Saturday, April 21, 2018

My Fibro Whisperer

There used to be a commercial for a perfume with the slogan, If you want to capture someone's attention, whisper. Whispers are soft. Whispers are private. You have to pay attention to hear a whisper. Whispers communicate without assuming, presuming or overpowering.

We know the idea of the horse whisperer and the dog whisperer who train and communicate with animals through compassionate methods. They calm, tame and encourage. They train with love. With their presence.

My trainer is my Fibro Whisperer. He has tamed, and calmed my Fibro through his compassion and encouragement. With his love. With his presence.

Now, don't get it twisted. Khris is extremely demanding. That's a key part of the equation. But that's the only part that most people think about needing in a trainer--the stereotype of a drill-sergeant trainer. No, no, no. That's not what we have here. KBuddah is different.

Today we did a tough workout, but it included a few good new lessons: Patience and patience.

The first patience was a reminder lesson. Doing challenging push ups with knee tucks on sliders, I was reminded that I can take breaks or do whatever is necessary to be able to do them perfectly. It's better to take breaks than to worry about doing them without breaks and do them quickly with bad form. I only had to do 3 of them. It's important to try challenging things and do them well even if you only do a few. It builds patience and persistence.

The second patience was the opposite. I did some therapy on the foam roller to help my back, my posture and my knots.
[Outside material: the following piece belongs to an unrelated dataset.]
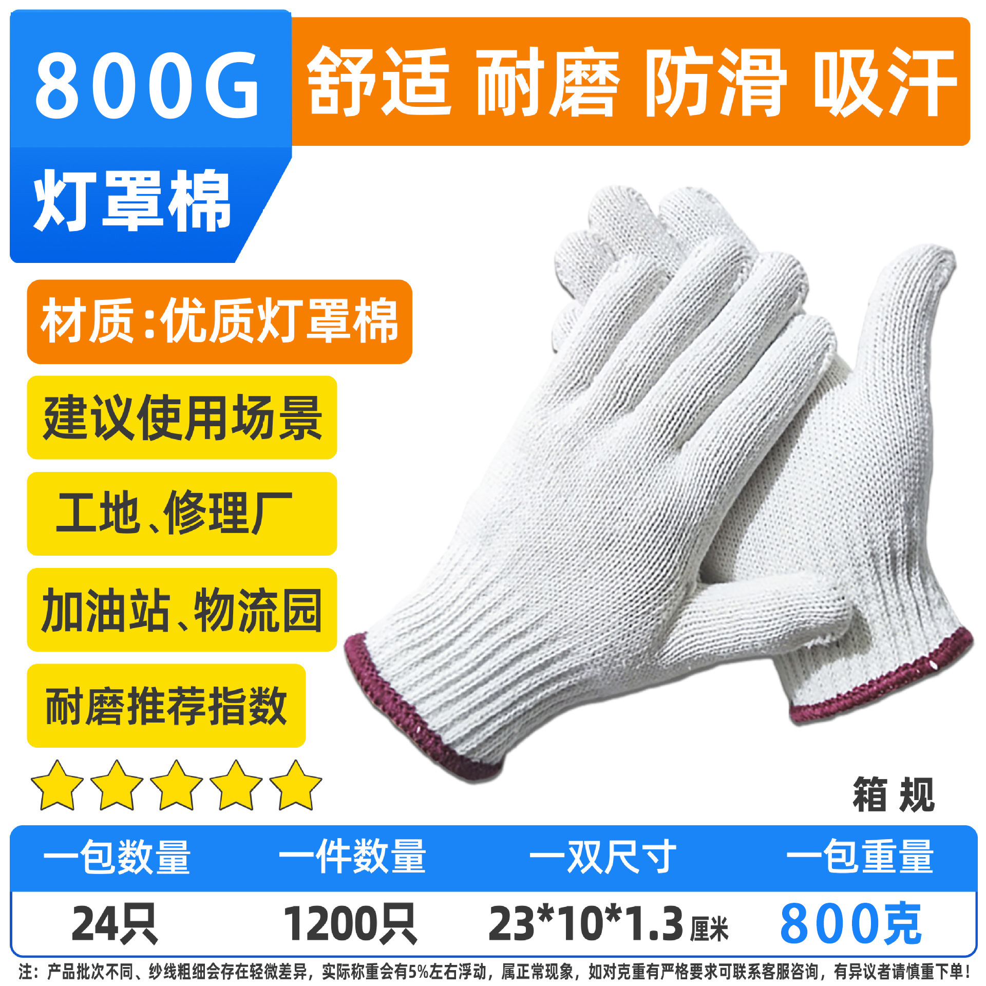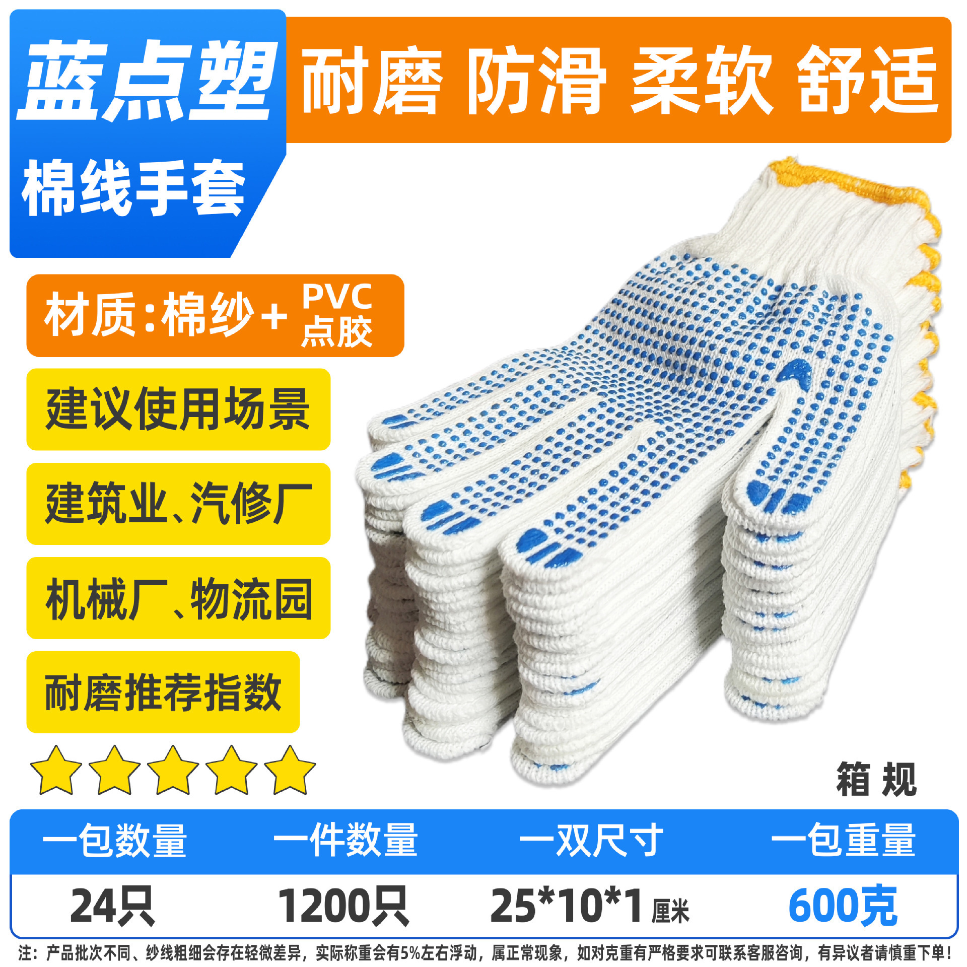 cotton gloves with rubber dimples 600g per piece
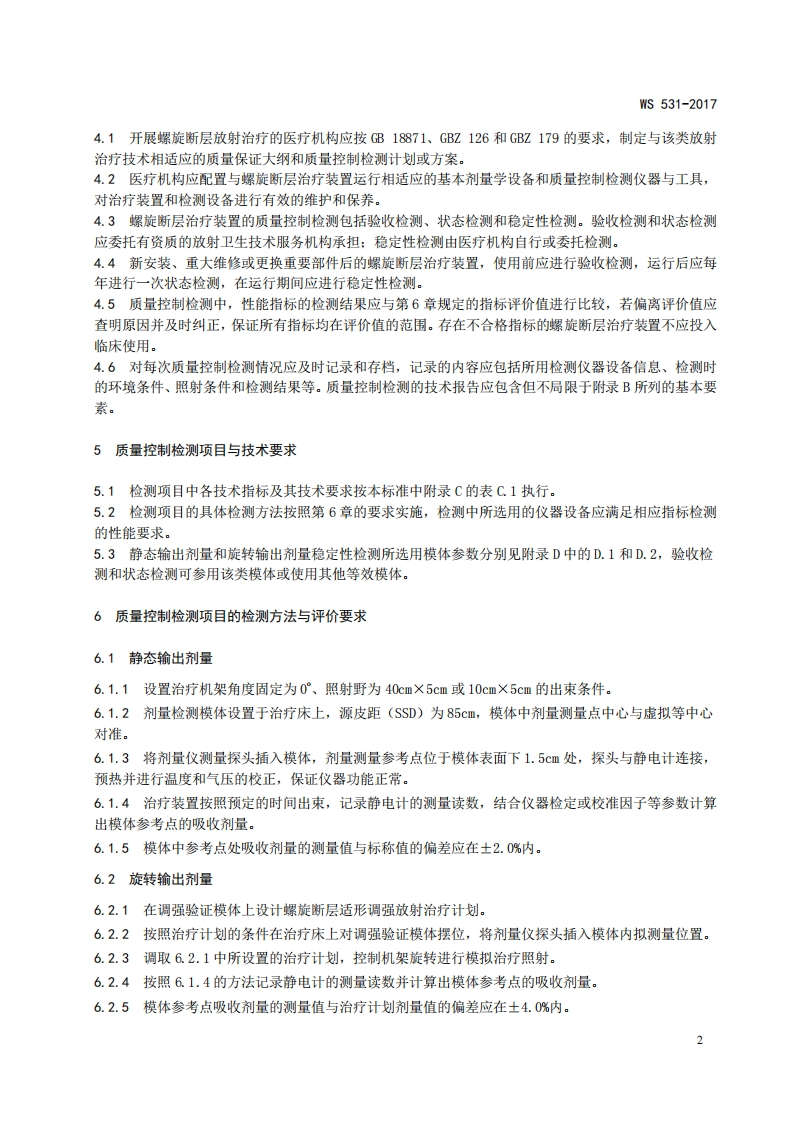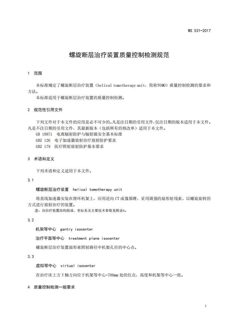 WS531-2017螺旋断层治疗装置质量控制检测规范Specificationfortestingofqualitycontrolinhelicaltomotherapyunit348072@abc11天前发布关注私信0.61MB13页024WS531-2017螺旋断层治疗装置质量控制检测规范Specificationfortestingofqualitycontrolinhelicaltomotherapyunit此内容为付费资源,请付费后查看¥19¥29黄金会员免费钻石会员免费立即购买您当前未登录!建议登陆后购买,可保存购买订单付费资源 第1页 / 共13页 第2页 / 共13页 第3页 / 共13页 第4页 / 共13页 第5页 / 共13页 试读已结束,还剩8页,您可下载完整版后进行离线阅读 THE END标准规范 文本预览 ICS13.100C57中华人民共和国卫生行业标准WS531-2017螺旋断层治疗装置质量控制检测规范Specification for testing of quality control in helical tomotherapy unit2017-04-10发布2017-10-01实施中华人民共和国国家卫生和计划生育委员会发布 查看更多 收起部分 喜欢就支持一下吧收藏

This patience was to relax and let things happen at their own pace. To not force. To just let my body find its way and let go. It's important to let your body open up on its own. To give it time.

I went to the doctor recently and she was amazed at my improvements because of my training. Fibro is a mysterious condition. She has recommended to her patients that they try training and tells them about me. We talked about how it is the deep muscle work that is the important part.

My training has been pretty miraculous. I look forward to even more improvements. The muscle work has really made a huge difference. But my Fibro Whisperer has made the real difference.